Steffen Hven
The Cinematic Narrative as »Anthropomedial Relation«
Moving images are increasingly grasped in their ability to transform, move, act, and produce rather than merely depict or represent (Bergson, 1991; Boehm, 2007; Deleuze, 2005; Mitchell, 1986). Although one might expect this to have had immense complications for how we understand and perceive the nature of cinematic narration, the term »representation« remains one of the few methodological constants of narratology (Rudrum, 2005). In this paper, I maintain that instead of being perceived as »representations« cinematic narratives could profitably be theorized as »anthropomedial relations« [»anthropomediale Relationen«], i.e. as autopoietic entities that emerge out of the dynamic interlinking of the embodied human mind-body with the cinematic apparatus (Voss & Engell, 2015).
I present the outlines of a film-philosophical theory of cinematic narration that is compatible with the »embodied« position in the philosophy of mind, cognitive psychology, and the neurosciences. According to this stance, cognition is deeply embedded into our techno-mediated environment (e.g. Clark, 2010; Gallagher, 2005; Varela, Thompson, & Rosch, 1992). In extension of this claim, I argue that cinematic narratives – and our cognitive, emotional, and affective engagement with these – cannot be understood by resorting to categories such as the (neurobiological or cognitive hardware of the) spectator or the film as self-contained entities. In order to illustrate the modus operandi of such an embodied and film-philosophical narratology, I draw upon examples taken from Walther Ruttmann’s experimental documentary Berlin – »Die Sinfonie der Großstadt« (1927); a film that rather than telling about life in the metropolis conveys a multisensory and embodied experience hereof.
Steffen Hven received his doctoral degree from the Bauhaus-Universität Weimar in 2015. His dissertation, »Cinema and Narrative Complexity: Embodying« the Fabula, is due to appear in the series »Film Culture in Transition« published by Amsterdam University Press. He received his MA in dramaturgy, film and television studies from Aarhus University in 2010, which also included a research stay at Boğaziçi Üniversitesi in Istanbul. He has presented his research at several internationally renowned film and media conferences, amongst others at the 2015 annual conferences of the SCMS (Society for Cinema and Media Studies) in Montreal and the SCSMI (Society for Cognitive Studies of the Moving Image) in London.

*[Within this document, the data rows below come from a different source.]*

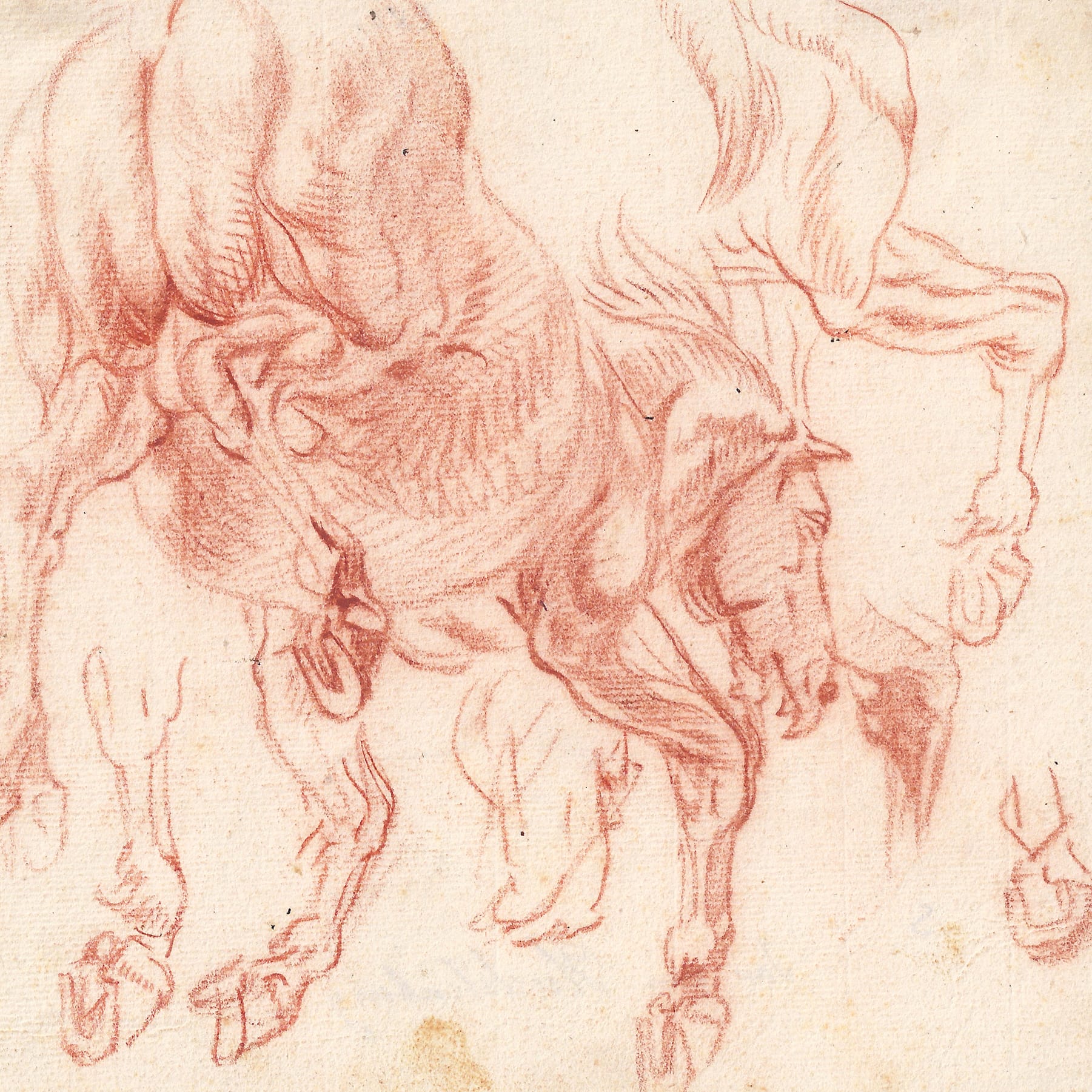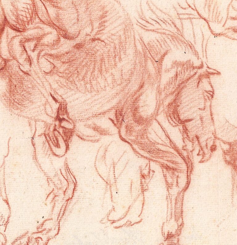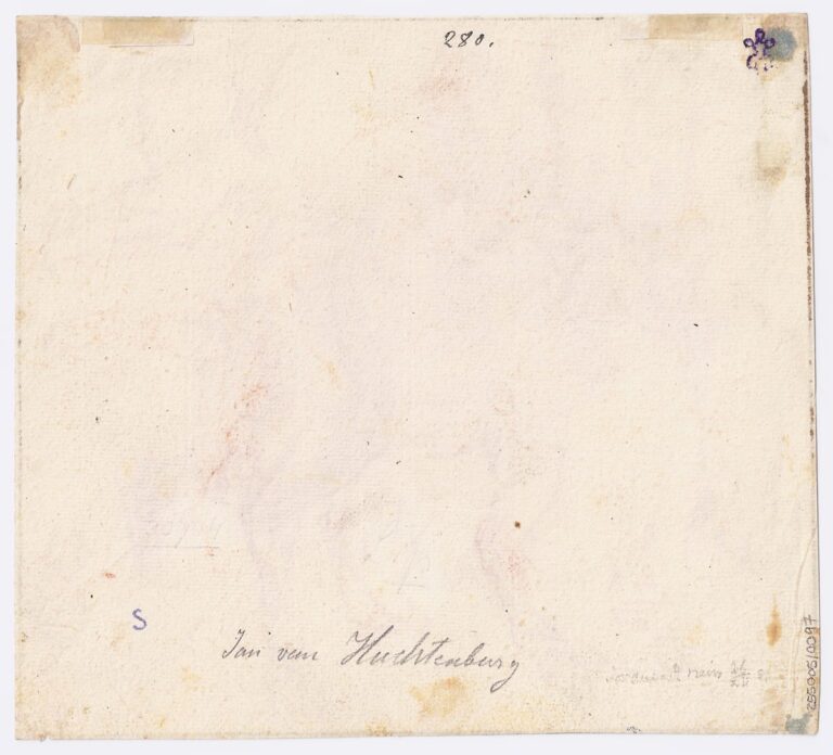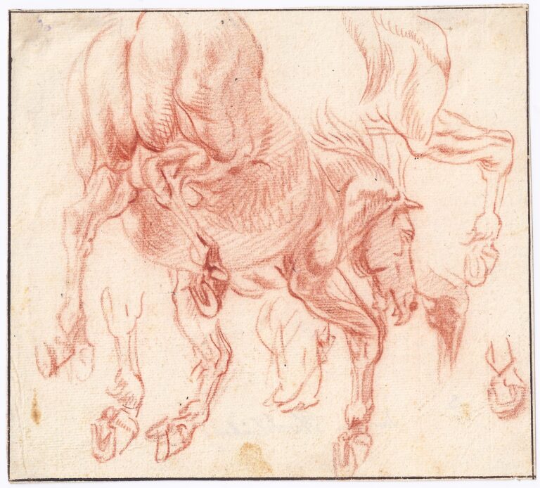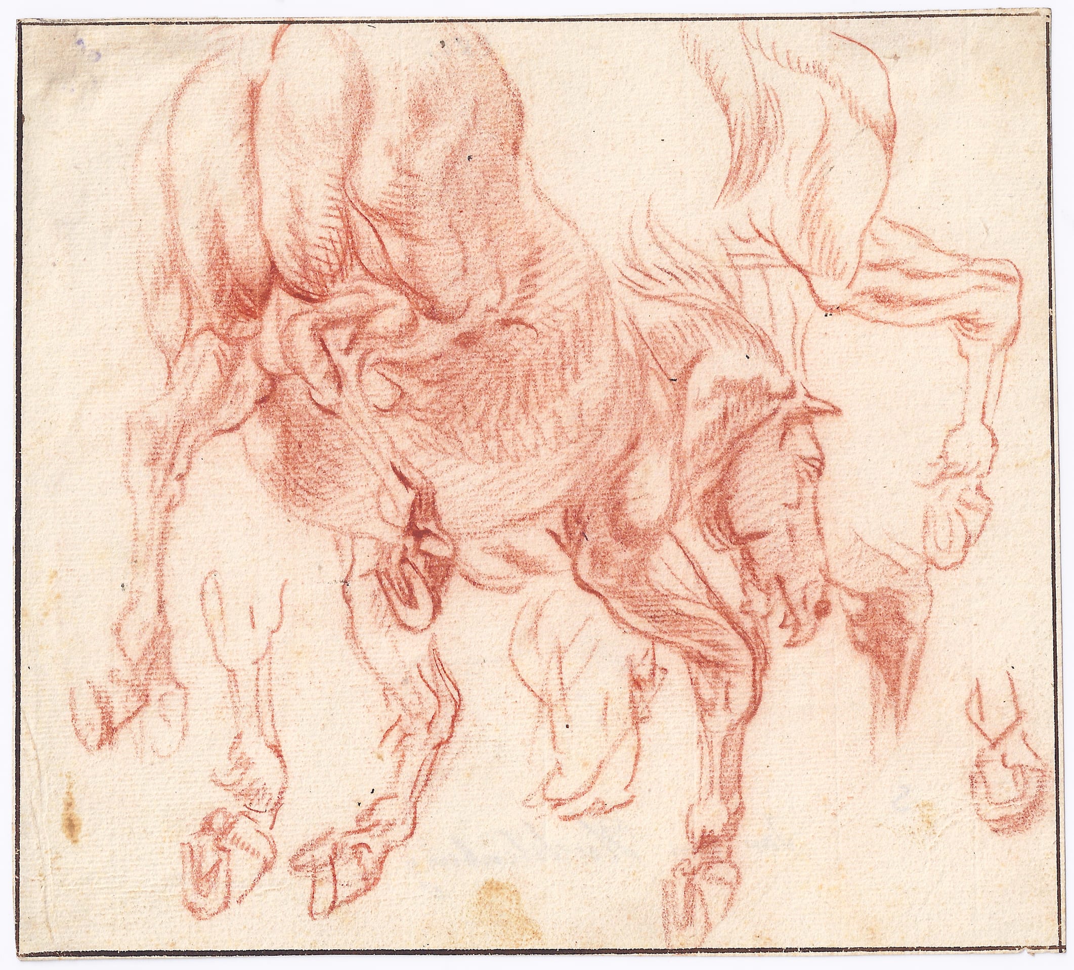 Huchtenburg was most appreciated for his realistic portrayal of horses in his battle scenes. In preparation for these, he must have made countless sketches of horses, yet very few are known today.3 The present sheet is of exceptional quality and has long been given to Huchtenburg. It would appear to date from quite early in his career, certainly still in the seventeenth century. The sheet makes a particularly lively impression because of the separate studies of the animal’s legs, hooves and head. Both in technique and because of the separate detail studies the sheet is reminiscent of drawings by Adriaen van de Velde (1636–1672).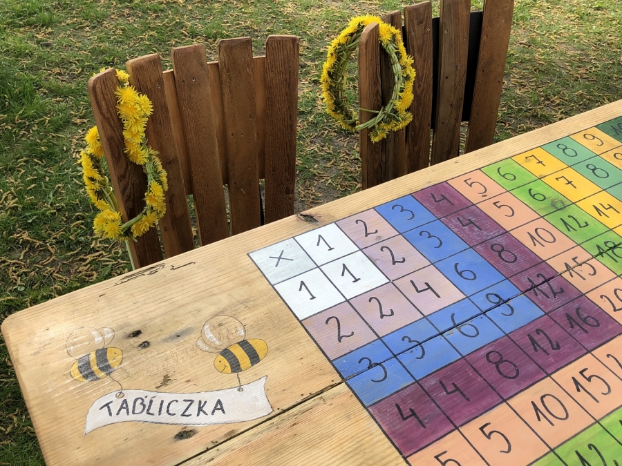Tabliczkę mnożenia zaprojektował i wykonał na nasze zlecenie utalentowany ełczanin - Michał Gużewski. Malowanie na drewnie to nie lada wyzwanie, w dodatku bardzo pracochłonne. Michał włożył w nią mnóstwo pracy, serdecznie dziękujemy. Bardzo cieszymy się, że są jeszcze ludzie, którzy chcą działać lokalnie i projektować swoje miejscowości. Tabliczka już po kilku minutach od montażu cieszyła sie zainteresowaniem najmłodszych.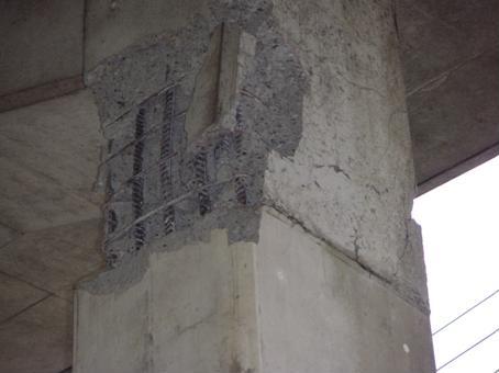 主筋に座屈や大変形が生じている場合、柱幅の半分以上が斜めのひび割れにそってコンクリートが剥落し主筋が見える場合、フープ筋が破断または外れている場合は、 既に最大耐力に到達し、耐力低下が生じているものと考えられ、余震により上層階の支持能力が低下するものと予測される。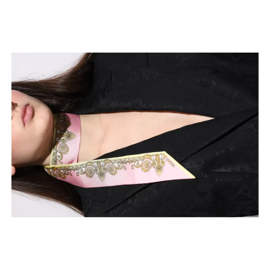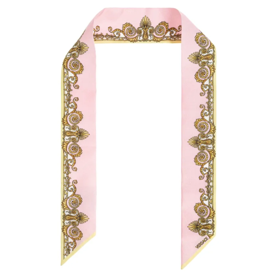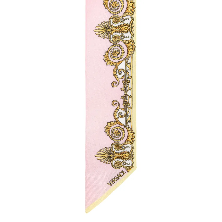 De Versace Geprinte Zijden Twill Lavallière is een lange, smalle zijden sjaal die een kenmerkend barokmotief combineert met veelzijdige styling. Draag hem om de hals, knoop hem aan een handtas of gebruik hem als haaraccessoire voor een gepolijste afwerking. Belangrijkste kenmerken: Roze | Zijde | Zacht handgevoel | Glanzende, edele glans | Kan om de hals, pols, tas of in het haar worden geknoopt | Veelzijdige stylingopties | Lange, smalle vorm met geometrische uiteinden | Barokprint met gouden en bruine ornamenten | Subtiel Versace-logo op één hoek | Afmetingen & pasvorm: Hoogte: 84 cm | Breedte: 5 cm | Samenstelling & onderhoud: 100% Zijde | Professionele stomerij aanbevolen; volg het waslabel van het product.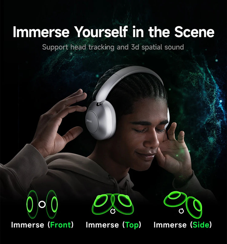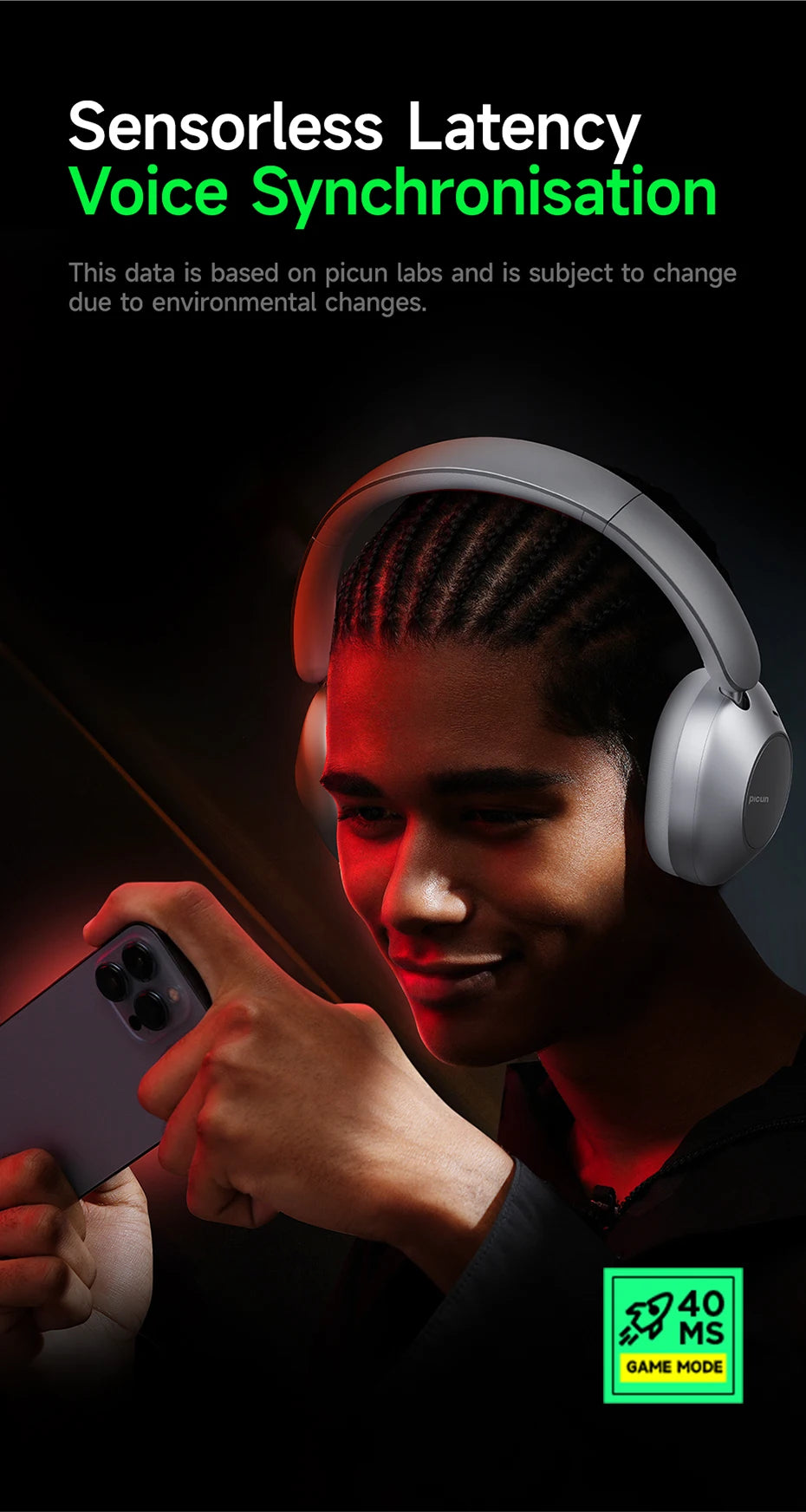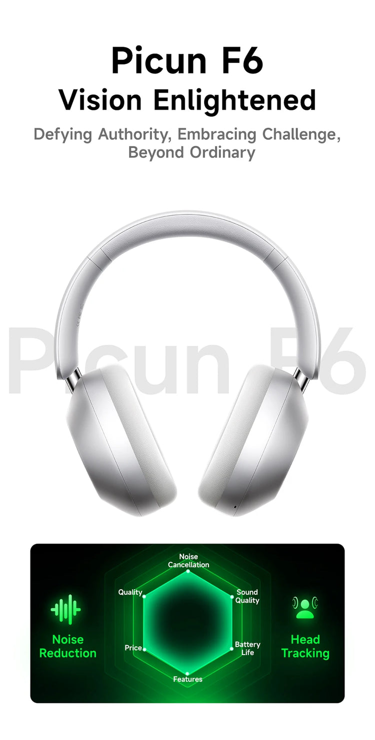 Picun F6 Active Noise Cancelling Wireless Headphones Head Tracking 3D Audio 40mm Hi-Res ANC Bluetooth Headset HIFI APP Control

He is currently working on a new research project provisionally entitled »Cinema and Narration: Towards an Embodied and Media-Philosophical Approach«. The aim of this project is the formulation of a new theory of cinematic narration based conjointly on the idea of »embodiment« – as it is chiefly associated with the philosophy of mind, cognitive sciences and affective neurosciences – and the concept of »anthropomedial relations«; a neologism originating from, and studied at, the Kompetenzzentrum Medienanthropologie (KOMA) at the Bauhaus-Universität Weimar.